Text Mining the Hidden Gem Titles and Hidden Gem Reviews

In our quest to find out what makes a Hidden Gem , we dived deeper into a Hidden Gem Title and a Hidden Gem Review. Following are the observations

We found that Hidden Gem Titles with 2 most commonly occurring words include data analysis , data science and time series .

We also found that Hidden Gem Reviews with 2 most commonly occurring words include data visuals , visuals analysis , detailed exploration , kaggle survey , exploratory analysis

We also wanted to find out topics which are interesting for Hidden Gems. Most prominent topics include detailed exploration , competition , data analysis , and data visuals

Mining the Hidden Gem Titles and Reviews it seems that notebooks with detailed exploratory data analysis catches the eye of the Hidden Gem Series Creator

We also dived deeper into the leading Hidden Gem Authors’ [ Jonathan Bouchet and Ramshankar Yadunath ] reviews and found the notebooks are detailed and have beautiful visuals and exploratory data analysis

We also saw another genre of reviews of Vopani, kxx and Bojan Tunguz and saw these reviews appreciated the various techniques using structured datasets in competitions. It also focussed on model building using Keras as well as XGBoost [Bojan’s reviews]

This genre coincides with the observations of Grandmaster reviews which concentrates on competition solutions. The reviews mention of clean code, clean techniques , clean analysis.

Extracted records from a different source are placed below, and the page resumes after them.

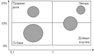 В начале семидесятых годов известная консалтинговая фирма Boston Consulting Group (BCG) разработала схему управления портфелем продуктов, получившую известность как "матрица BCG".Появление модели BCG явилось логическим завершением одной исследовательской работы, проведенной в свое время специалистами консалтинговой компании Boston Consulting Group. Эта модель, представляет, из себя своеобразное отображение позиций конкретного вида бизнеса в стратегическом пространстве, определяемом двумя координатными осями, одна из которых используется для измерения темпов роста рынка соответствующего продукта, а другая - для измерения относительной доли продукции организации на рынке рассматриваемого продукта.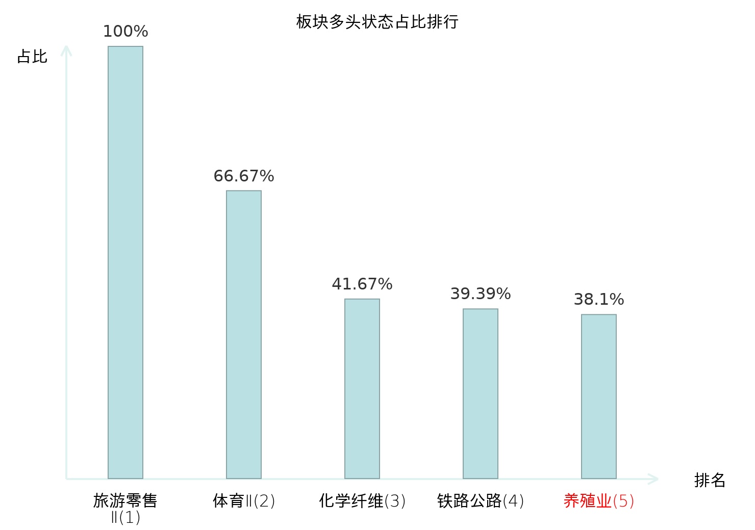 全市场所有行业板块中主力多头状态占比排名中,旅游零售Ⅱ板块位居第一。旅游零售Ⅱ板块名次提升最快,较昨日上升130位。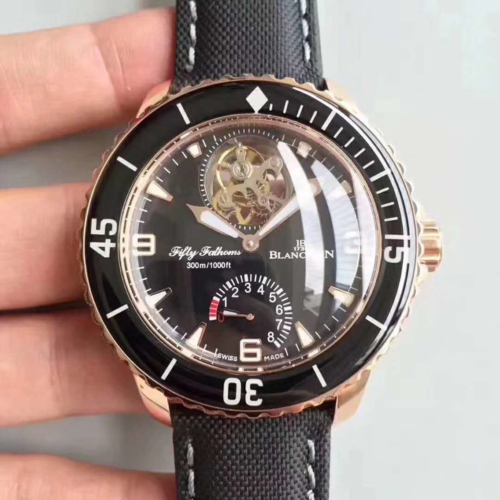 | Name: | Fifty Fathoms Tourbillon 8 Jours Red Gold / Black / Black Canvas |
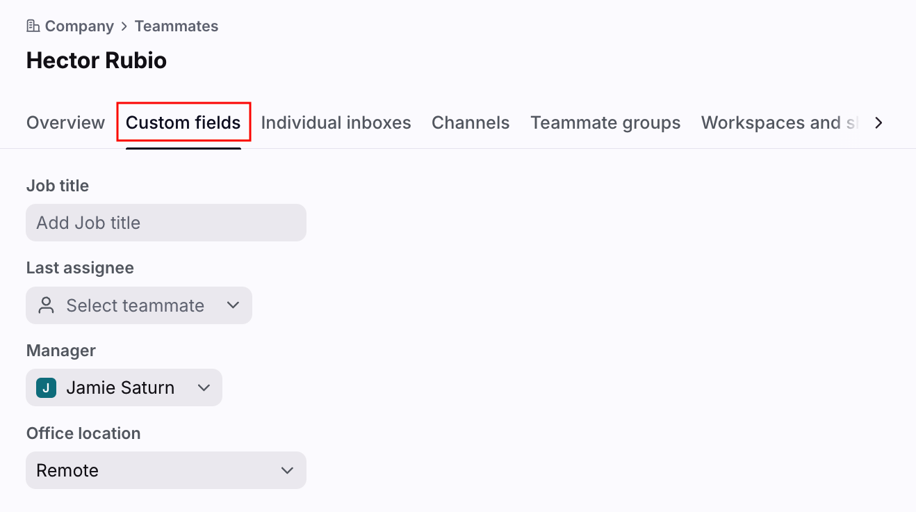 Click Custom fields, then fill in any of the custom fields for the teammate.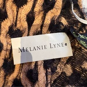 Cozy knit drop shoulder sweater with bold black and brown pattern. Perfect for layering. Size M very stretchy. Originally from Melanie Lyne priced at $145.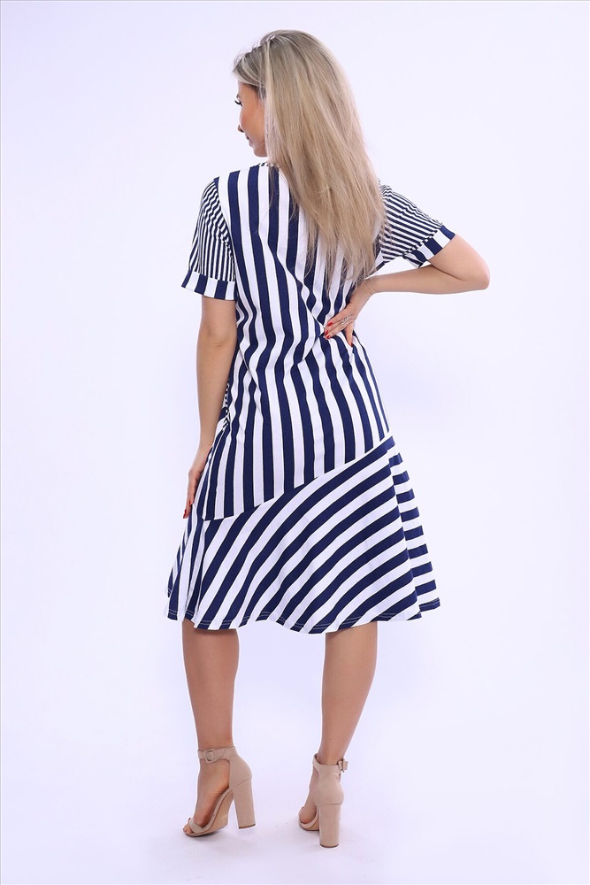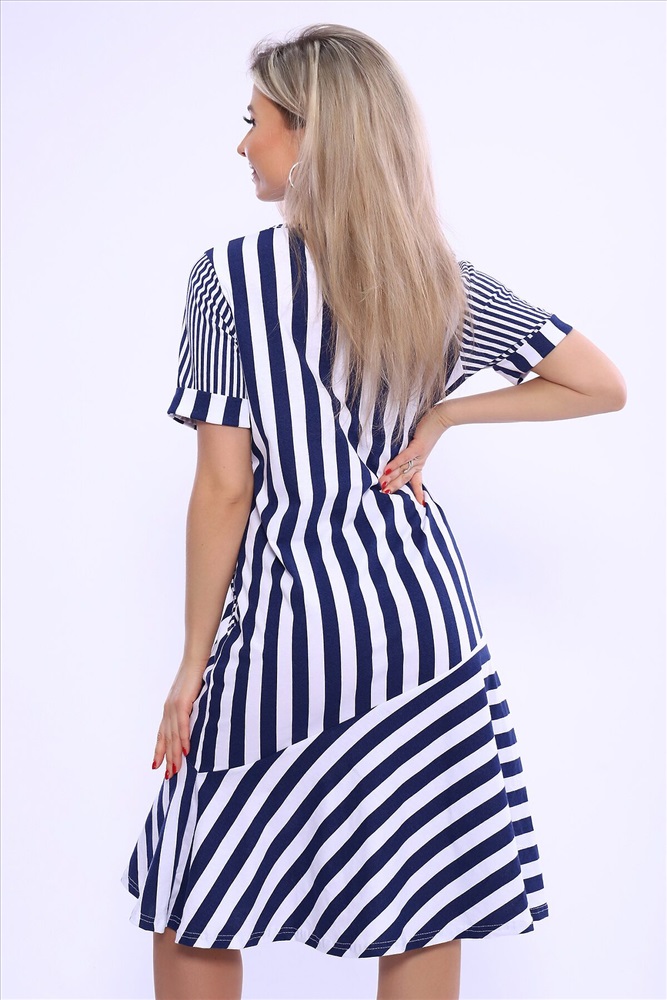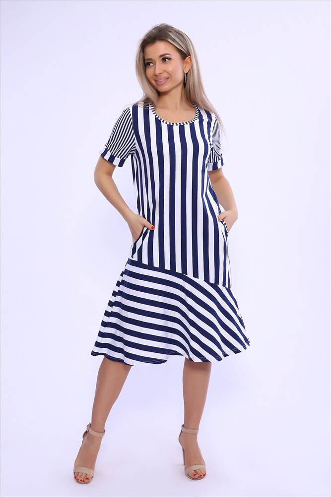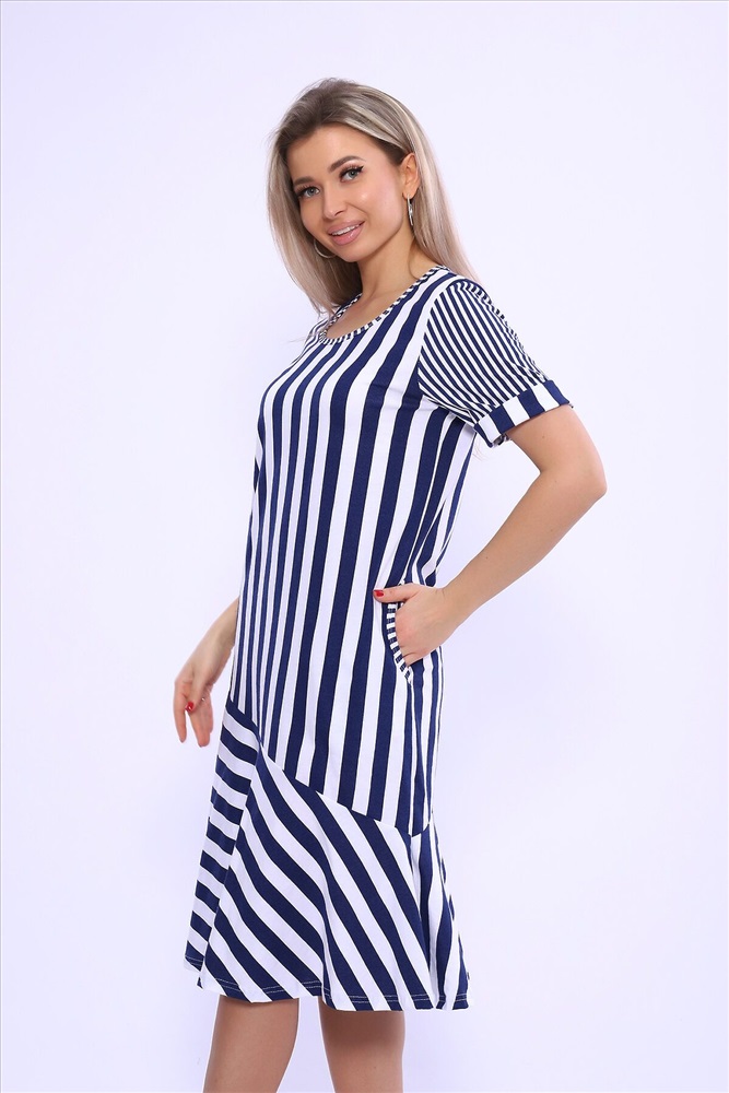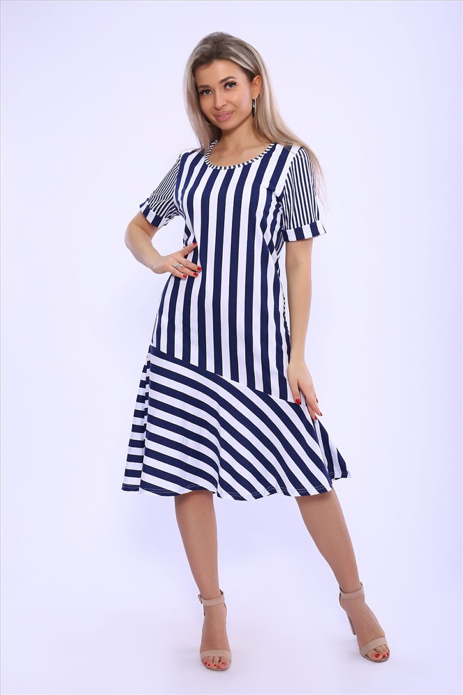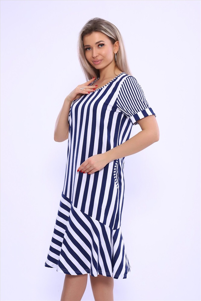 ID товара: 987010 Состав: 100% Хлопок Сезон: Весна/Лето Длина: Ниже колена Фасон: А-силуэт Рукав: короткие Вырез горловины: Округлый Рисунок: Полоски Декоративные элементы: Принт Основная ткань: Хлопок Стиль: повседневный Вид ткани: Кулирка Страна бренда: Россия Страна производства: Россия Платье полуприлегающего силуэта с короткими рукавами и карманами в боковых швах. Рукава с отворотными манжетами. По низу изделия ассиметричные воланы. Комментарии к товару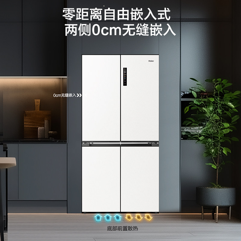 以旧换新补贴海尔485山茶花法式双开薄零嵌入式冰箱家用一级官方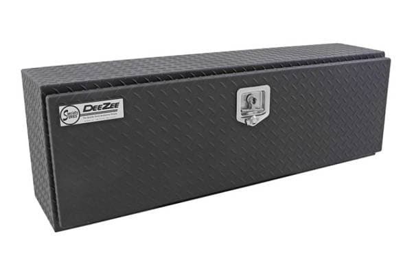 Dee Zee Tool Box - Topsider provides handy storage on top of your trucks bed rail. Constructed of durable Brite-Tread aluminum. Texture Black powder coat, provides a matte black finish while it protects and prevents oxidation. Drop-down doors provide quick access to your tools. Locking stainless steel T-handle latches. C-Channel design resists leaks, incorporating a one-piece neoprene rubber bulb seal.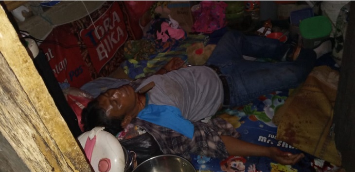 Sementara yang perempuan mengenakan kaos hijau dan celana jeans mengalami luka tusuk di leher dan terkapar bersimbah darah di luar rumah.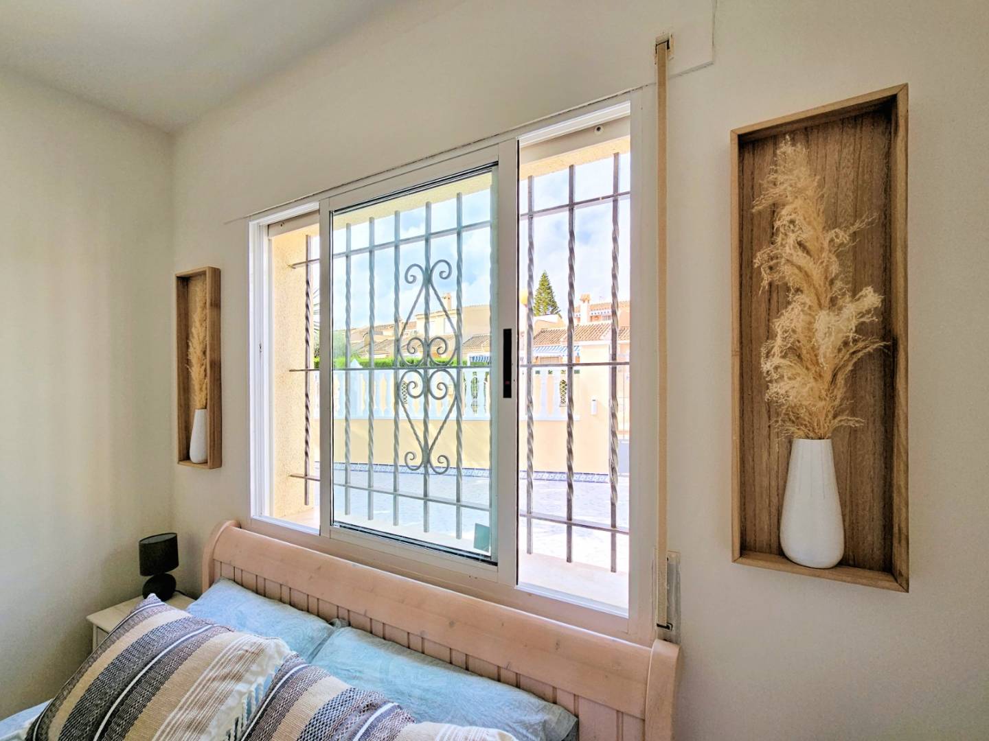 Deze buitengewone villa bevindt zich in de gezellige wijk “Estrella de Mar", een rustige omgeving tussen het groen vlak aan het strand van de Mar Menor! Estrella de Mar is een Spaans dorpje met een gezellige sfeer en voorzien van de lokale bars, restaurants, winkel en al uw dagelijkse benodigdheden. Met zijn uitzonderlijke locatie heb je hier een heerlijk vakantiegevoel maar toch ben je snel in verschillende bezienswaardigheden, grote steden, veel cultuur, golfbanen, shoppingcentra en nog zoveel meer. Mar Menor is een echte trekpleister met zijn mooie promenades, stranden, havens, watersporten enz.. Het is een stukje Middellandse Zee afgesloten van de rest, wat ervoor zorgt dat het zeewater altijd een beetje warmer en rustiger is. De woning zelf heeft directe toegang tot een groene promenade en het strand! Deze fantastische eigenschap is niet de enige reden waarom deze woning een echte buitenkans is. De woning is namelijk volledig vrijstaand en voorzien van een prachtige tuin met privé zwembad, terrassen en veel gezellige plaatsjes om heerlijk te genieten van het klimaat. Op de gelijkvloerse verdieping van deze gerenoveerde woning heeft u een grote woon/leefruimte met open keuken, 2 tweepersoons slaapkamers, een familie badkamer en de hoofdslaapkamer met ensuite badkamer. Via een buitentrap komt u op het solarium met adembenemende vergezichten en vind u ook de 4de slaapkamer met en-suite badkamer en eigen kitchenette. Als nieuwe eigenaar van deze woning heeft u ook toegang tot de urbanisatie die voorzien is van een bar/restaurant, tennisveld, zwembad, basketveld, speeltuin en mini-golf. Bovenop alle vooraf genoemde voordelen, geniet deze woning ook nog van tal van extra’s zoals; nieuwe airco’s (warm/koud), volledig gerenoveerd, parking plaats, inbouwkasten, veel opbergruimte (binnen en buiten), aparte kast voor wasmachine en droger, recent opnieuw geverfd (binnen en buiten), rolluiken en alarm. Het zwembad is volledig opnieuw bezet en voorzien van een nieuw pomp- en filtersysteem. Er is mogelijkheid tot vakantieverhuur en is momenteel verhuurd tot eind september (dit is bespreekbaar, indien u als nieuwe eigenaar dit niet wenst te doen). Laat deze buitenkans niet aan u voorbij gaan en contacteer ons snel voor een bezoek aan deze prachtige strandwoning onder de Spaanse zon! Suma: 500 euro/jaar Community fees: 1000 euro/jaar
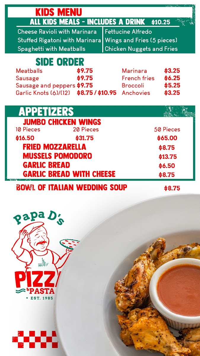 Papa D Pizza also caters to younger guests with its Kids Menu, offering choices like Cheese Ravioli with Marinara, Wings and Fries (5 Pcs), and Spaghetti with Meatballs. The Chicken Nuggets and Fries and Fettuccine Alfredo are other great options for kids.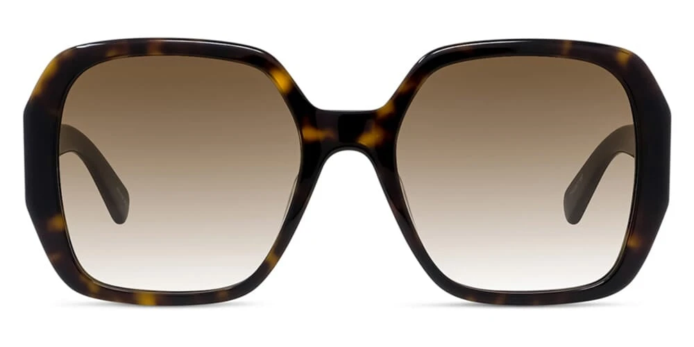 This square Stella McCartney sunglass comes in a shiny dark havana frame with brown gradient lenses.

Highest Votes after Hidden Gem declaration

Tutorial on reading large datasets, Dive into dplyr (tutorial #1), Writing Hamilton Lyrics with Tensorflow/R, Petfinder Pawpularity EDA & fastai starter , Recommendation engine with networkx got the highest votes after the Hidden Gem declaration

Police Policy and the Use of Deadly Force, CTDS - Subtitles exploration, MOA Recipe,Advanced EDA: New Inferences from an old dataset, Leaf doctoR: EDA ,Evaluating defender ability to limit YAC , Do Left Handed Pitchers Make More Money? got No Votes after Hidden Gem declaration

Median Upvotes after Hidden Gem declaration is 9
Highest Upvotes after Hidden Gem declaration is 1152

Similar Authors

We find similar authors using the Hidden Gems reviews. We use the TF-IDF technique as well as the cosine similarity to find similar authors. Below is the list of similar authors along with a Cosine Similarity Score. Higher the score , better is the similarity

options(warn = -1)
options(scipen = 10000)
options(repr.plot.width = 20.0, repr.plot.height = 13.3)


library(gt)
library(stringr)
library(knitr)
library(tidyverse)
library(broom)
library(vroom)
library(ggplot2)
library(widyr)
library(igraph)
library(ggraph)
library(tidytext)
library('wordcloud')
library(ggthemes)

rm(list=ls())

fillColor = "#FFA07A"
fillColor2 = "#F1C40F"

gems = vroom("../input/notebooks-of-the-week-hidden-gems/kaggle_hidden_gems.csv")
kernels = vroom("../input/meta-kaggle/Kernels.csv")
users = vroom("../input/meta-kaggle/Users.csv")
kernel_version_competition = vroom("../input/meta-kaggle/KernelVersionCompetitionSources.csv")
kernel_versions = vroom("../input/meta-kaggle/KernelVersions.csv")
kernel_tags = vroom("../input/meta-kaggle/KernelTags.csv")
tags = vroom("../input/meta-kaggle/Tags.csv")
kernel_votes = vroom("../input/meta-kaggle/KernelVotes.csv")

gems =  gems %>% 
  mutate(CurrentUrlSlug = str_remove(notebook, str_c("https://www.kaggle.com/", author_kaggle, "/")))

gems_users = gems %>% 
  left_join(users %>% select(AuthorUserId = Id, 
                             author_kaggle = UserName,
                             DisplayName,
                             RegisterDate,
                             PerformanceTier), by = "author_kaggle")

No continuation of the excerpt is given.